Segment Start: Data extract

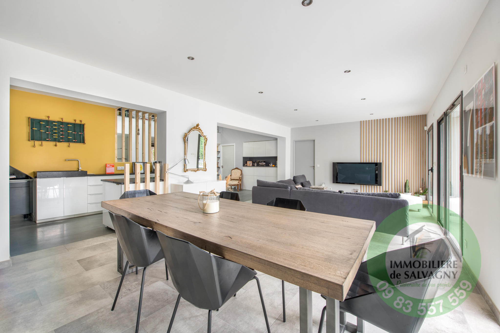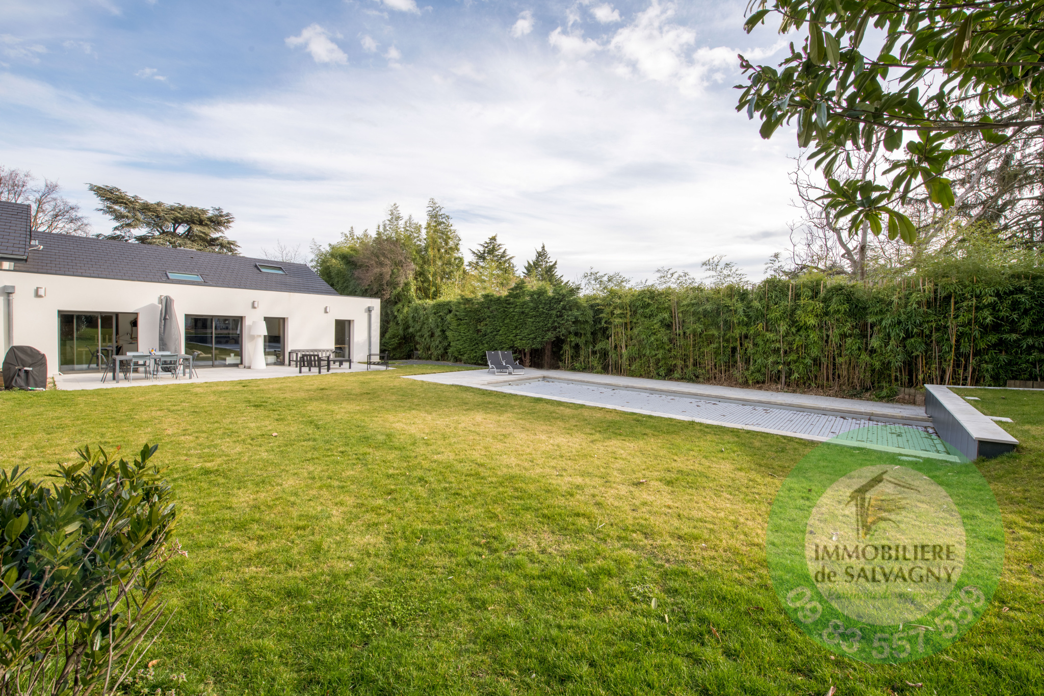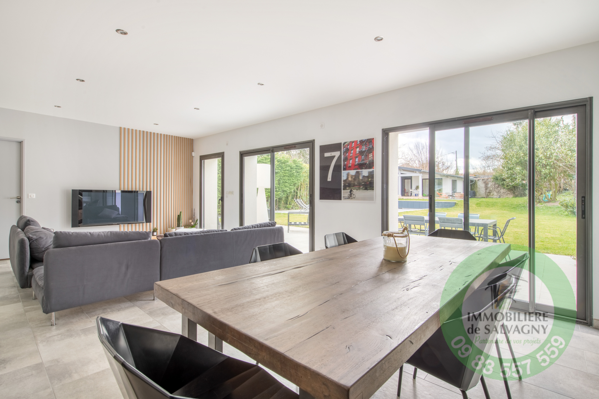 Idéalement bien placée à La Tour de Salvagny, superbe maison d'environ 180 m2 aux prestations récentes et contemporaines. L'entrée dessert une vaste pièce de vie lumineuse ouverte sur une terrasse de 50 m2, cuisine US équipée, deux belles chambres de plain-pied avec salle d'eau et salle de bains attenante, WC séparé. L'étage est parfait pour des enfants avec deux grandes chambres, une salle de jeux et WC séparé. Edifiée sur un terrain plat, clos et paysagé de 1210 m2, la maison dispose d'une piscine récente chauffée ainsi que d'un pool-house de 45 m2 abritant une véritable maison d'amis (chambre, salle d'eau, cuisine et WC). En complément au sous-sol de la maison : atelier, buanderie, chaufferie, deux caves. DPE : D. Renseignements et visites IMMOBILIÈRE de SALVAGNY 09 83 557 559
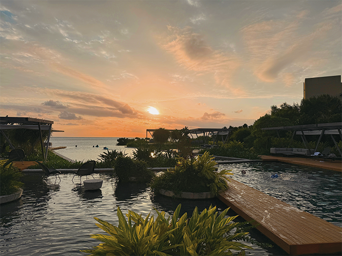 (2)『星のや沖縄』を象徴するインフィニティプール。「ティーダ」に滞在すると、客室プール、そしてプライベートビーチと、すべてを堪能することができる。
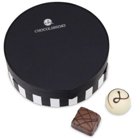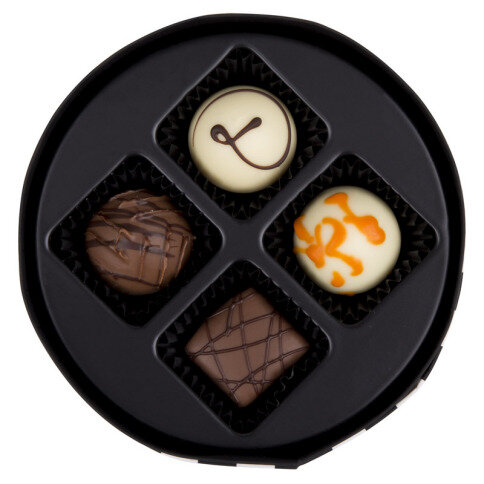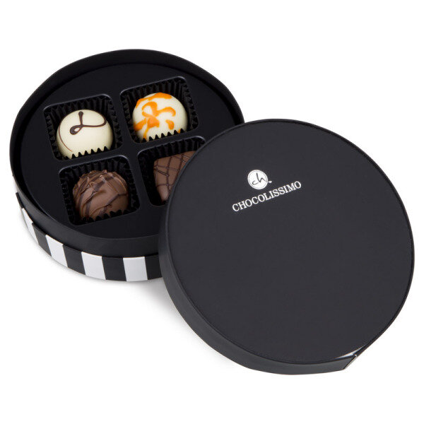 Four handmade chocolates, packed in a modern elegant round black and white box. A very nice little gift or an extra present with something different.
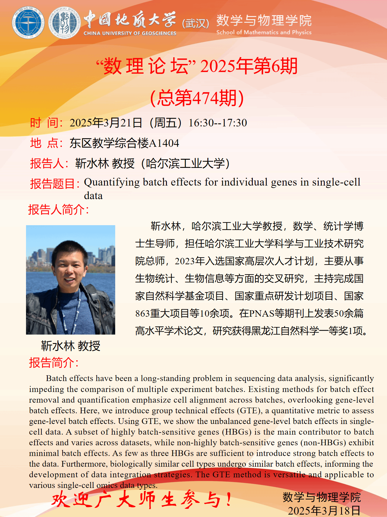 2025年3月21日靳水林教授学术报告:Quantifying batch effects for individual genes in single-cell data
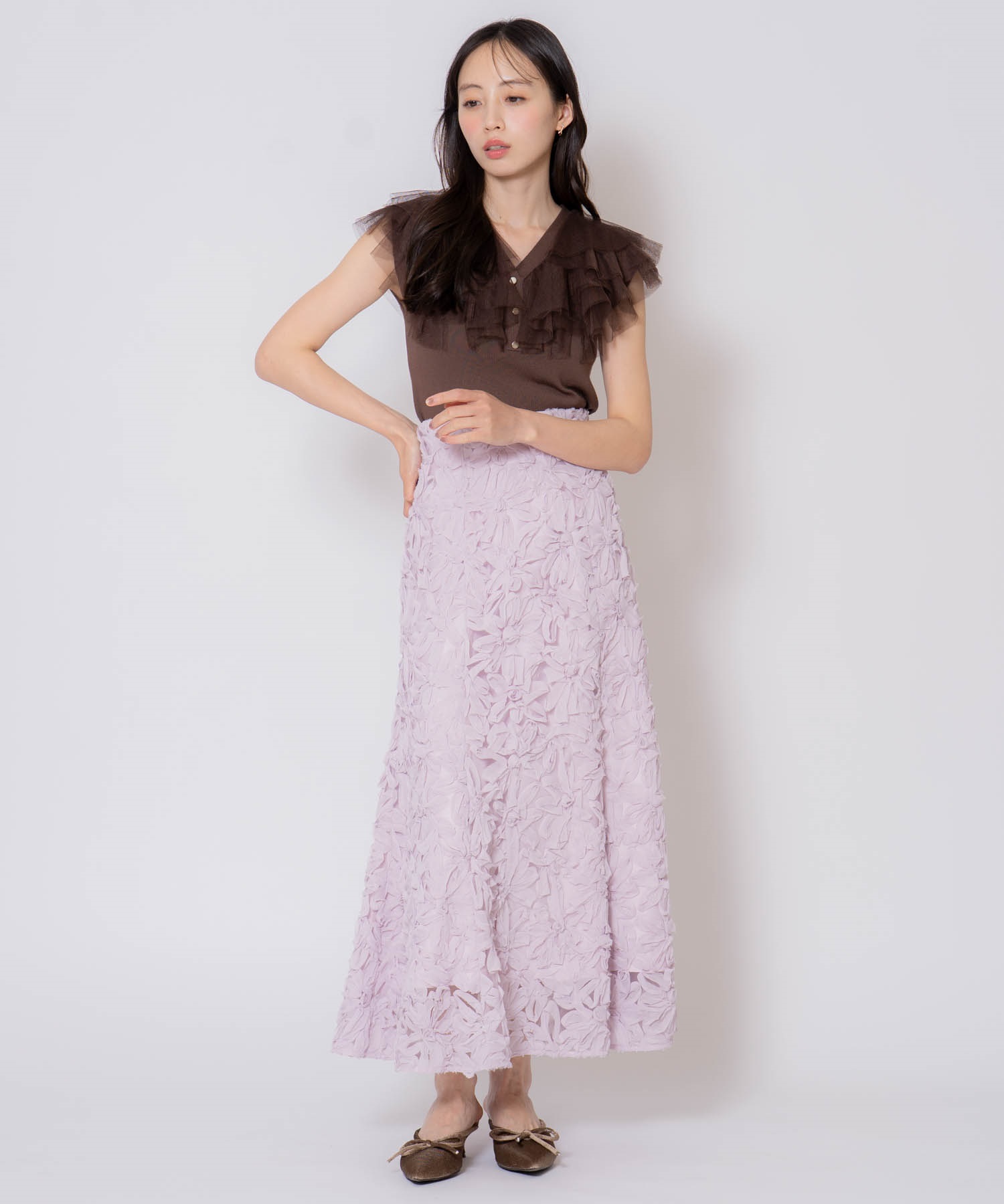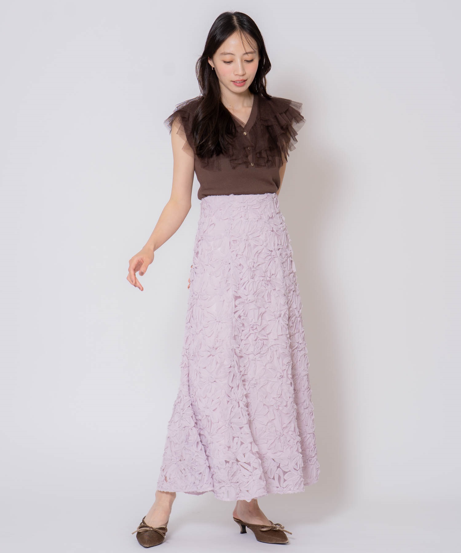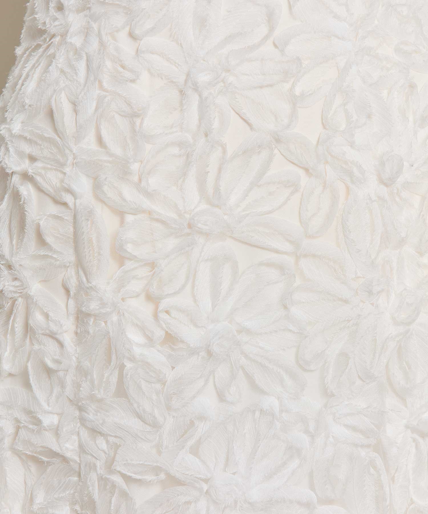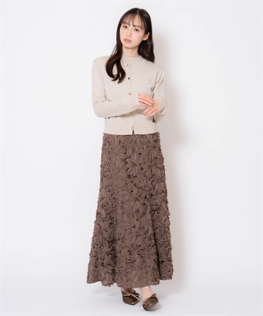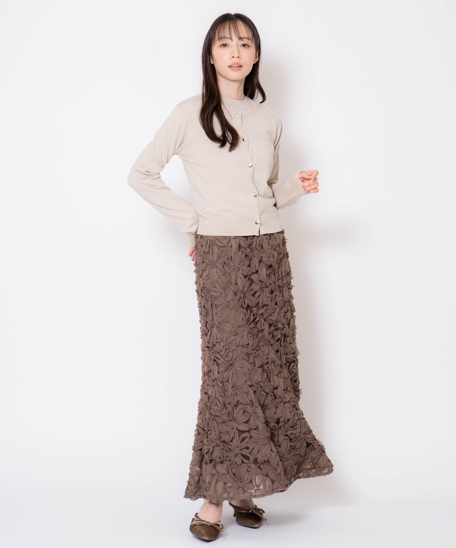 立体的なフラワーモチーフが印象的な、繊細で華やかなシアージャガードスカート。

Segment End: Data extract

- **Exercise prompt**
The answer must be an exact restatement of all the records, with no pictures included.

- **Solution**
 Idéalement bien placée à La Tour de Salvagny, superbe maison d'environ 180 m2 aux prestations récentes et contemporaines. L'entrée dessert une vaste pièce de vie lumineuse ouverte sur une terrasse de 50 m2, cuisine US équipée, deux belles chambres de plain-pied avec salle d'eau et salle de bains attenante, WC séparé. L'étage est parfait pour des enfants avec deux grandes chambres, une salle de jeux et WC séparé. Edifiée sur un terrain plat, clos et paysagé de 1210 m2, la maison dispose d'une piscine récente chauffée ainsi que d'un pool-house de 45 m2 abritant une véritable maison d'amis (chambre, salle d'eau, cuisine et WC). En complément au sous-sol de la maison : atelier, buanderie, chaufferie, deux caves. DPE : D. Renseignements et visites IMMOBILIÈRE de SALVAGNY 09 83 557 559
 (2)『星のや沖縄』を象徴するインフィニティプール。「ティーダ」に滞在すると、客室プール、そしてプライベートビーチと、すべてを堪能することができる。
 Four handmade chocolates, packed in a modern elegant round black and white box. A very nice little gift or an extra present with something different.
 2025年3月21日靳水林教授学术报告:Quantifying batch effects for individual genes in single-cell data
 立体的なフラワーモチーフが印象的な、繊細で華やかなシアージャガードスカート。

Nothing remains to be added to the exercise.